Lane, Fan and Chagpar receive CTSPGP grant for breast cancer metabolomics study
Andrew Lane, PhD, leader of the Structural Biology Program at the University of Louisville, Teresa W-M. Fan, PhD, Director of the Center for Regulatory Environmental Analytical Metabolomics, and Anees Chagpar, MD, director of the Multidisciplinary Breast Program at the James Graham Brown Cancer Center, have been awarded a grant in the amount of just over $173,000 to support a project titled “Identifying predictive biomarkers in breast cancer patients by metabolomics.” The grant will fund the project for one year beginning July 1, 2010 and is supported by the Commonwealth of Kentucky-funded Clinical and Translational Science Pilot Grant Program at UofL.
The study aims to discover biomarkers of breast cancer using the metabolic profiles of cancerous and non-cancerous breast tissue from humans with cancers of different stages, from I to III. The cancerous tissue will be compared to non-cancerous tissue from the same subjects, and further be correlated with the more readily accessible nipple aspirate fluid and blood plasma. The researchers will compare the metabolism– the overall biochemical function in the tissue – in cancerous versus non-cancerous tissue to identify novel biomarkers and test for specific sets of known biomarkers for energy and anabolic metabolism, with the goals of improving diagnostic techniques, and of eventually improving therapy for breast cancer patients.
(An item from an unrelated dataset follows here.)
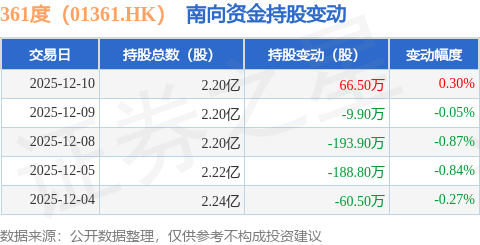 证券之星消息,12月10日南向资金增持66.5万股361度(01361.HK)。近5个交易日中,获南向资金减持的有4天,累计净减持386.6万股。近20个交易日中,获南向资金减持的有16天,累计净减持1294.3万股。截至目前,南向资金持有361度(01361.HK)2.2亿股,占公司已发行普通股的10.65%。

Since each patient acts as her own control, the researchers believe that subtle differences will be detectable.
Lane and Fan’s work is based on the principles of metabolomics, which examines metabolic activity at the atomic level, and has demonstrated that cancer cells differ greatly from normal cells in terms of their metabolic characteristics. The hope is that these measurable differences will yield strategies to better treat human cancers.